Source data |

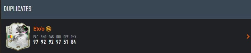 Volt is 2 Etoo a csapatomban. Az egyiket ugye használom, de volt egy másik (fingom sincs hogy mi a különbség), azt valahogy be is raktam SBC-be, de ezt nem tudom, csak úgy ha azt rakom be ami jelenleg a csapatomban van (gondolom én), de akkor elvesznek annak a statisztikái? Azt nem szeretném, mert ő a legrégebbi playerem, és ő az aki valszeg végleg a csapatban is marad..
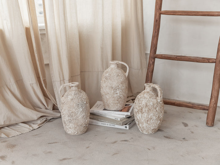 Best styled as decorative pieces. Please refrain from adding water to the vase, as its clay composition is susceptible to damage from moisture.
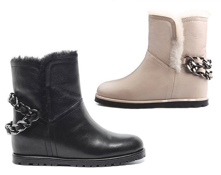 In addition to models in heels, the company manufactures products on the wedge and flat sole. They are no less attractive and are intended for those who prefer such shoes. Due to the optimum thickness of the sole, the feet do not freeze when cold. One of the interesting trends is the outsole with tractor tread: it is ideal for active movement in ice and looks extraordinary.
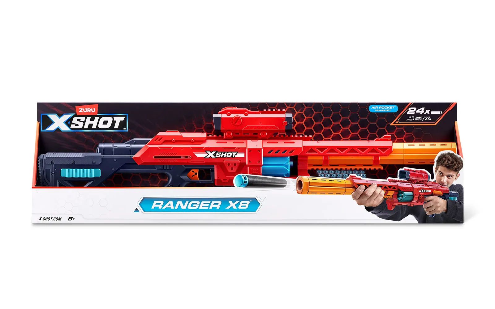 X-SHOT RANGER X8 GEWEHR, ZURU! BEREIT FÜR ACTION? Lernen Sie das X-shot Ranger X8 kennen, ein Gewehr, das Ihnen unvergessliche Momente adrenalingeladener Kämpfe bescheren wird! Mit einem rotierenden Lauf, der bis zu 8 Kugeln pro Sekunde abfeuert, wird jede Aktion schneller und aufregender sein. Da die Kugeln bis zu 27 Meter weit fliegen, haben Sie immer genug Reichweite für präzise Schüsse. BEREIT FÜR VERRÜCKTE KÄMPFE? Das Set enthält 24 Schaumstoffkugeln und Platz für weitere 8 Kugeln, so dass Sie immer für den nächsten Schuss bereit sind. Fügen Sie ein Scharfschützenzielfernrohr hinzu, das das Zielen erleichtert, und nehmen Sie an einer verrückten Schlacht mit Ihren Freunden teil! SET INHALT: 1 X-shot Ranger X8 Gewehr, 24 Schaumstoffkugeln, Scharfschützenzielfernrohr. Jetzt ist es an der Zeit, Ihre Schießkünste unter Beweis zu stellen und der Gewinner der Schlacht zu werden! Geeignet für Kinder ab 8 Jahren.
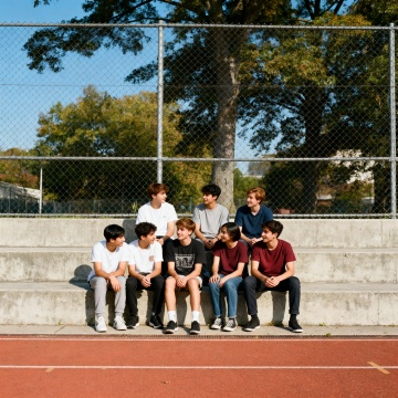 整体氛围:充满青春的生活气息,宁静又治愈,色彩真实自然,还原校园黄昏时分的惬意日常,无过度美化,突出写实质感。
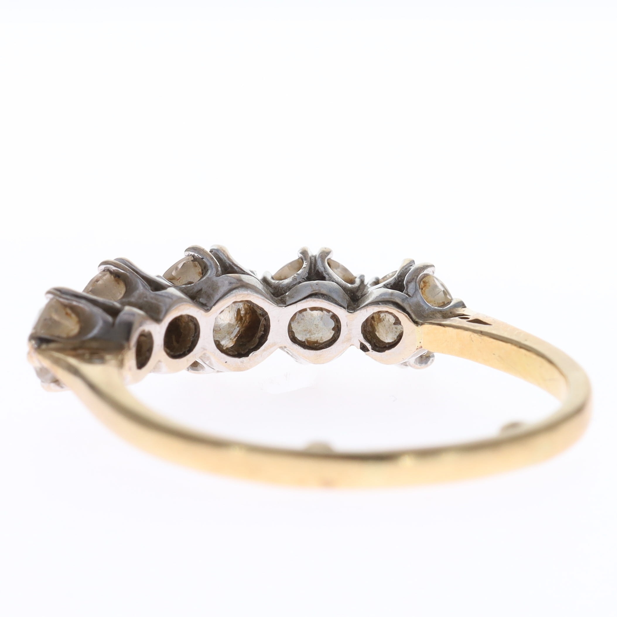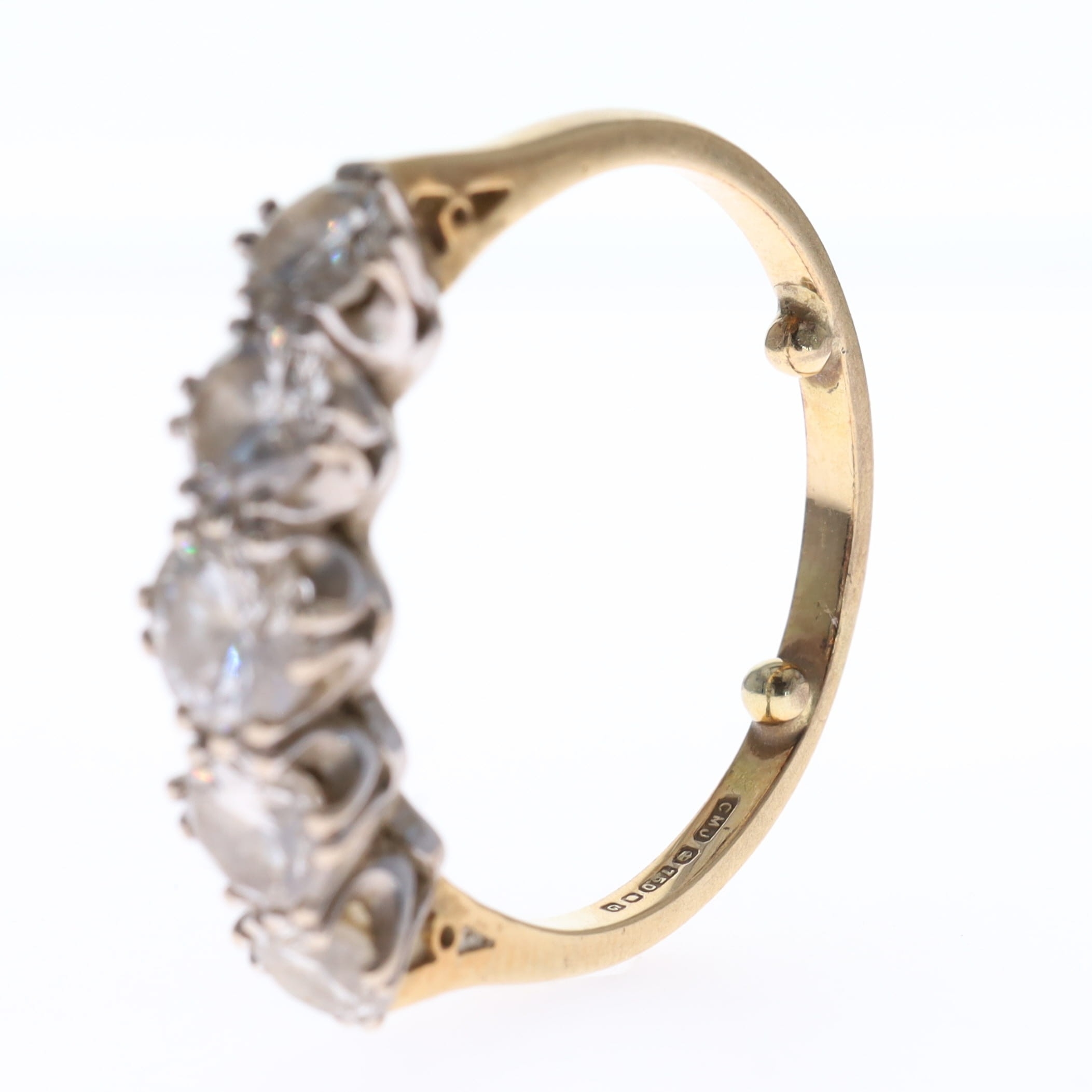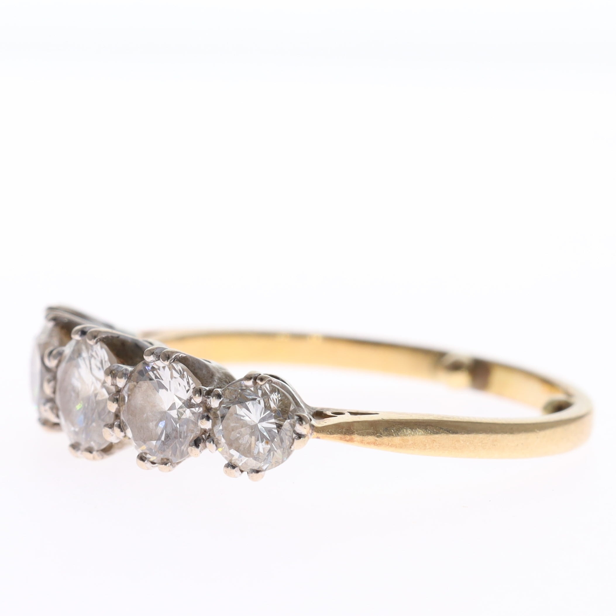 Diamond Five Stone 18ct Gold Ring. Estimated 1.6ct total diamond weight. The ring is stamped 750 on the inner band. UK ring size R. Resizing points have been added by a previous owner meaning the original size is unknown. Weighs in total 3.6g.

INSTRUCTIONS TO FOLLOW |
The answer must be the lines of the entries above, written out exactly from the first through the one with "Best styled as", and no pictures.

EXERCISE RESPONSE |
 Volt is 2 Etoo a csapatomban. Az egyiket ugye használom, de volt egy másik (fingom sincs hogy mi a különbség), azt valahogy be is raktam SBC-be, de ezt nem tudom, csak úgy ha azt rakom be ami jelenleg a csapatomban van (gondolom én), de akkor elvesznek annak a statisztikái? Azt nem szeretném, mert ő a legrégebbi playerem, és ő az aki valszeg végleg a csapatban is marad..
 Best styled as decorative pieces. Please refrain from adding water to the vase, as its clay composition is susceptible to damage from moisture.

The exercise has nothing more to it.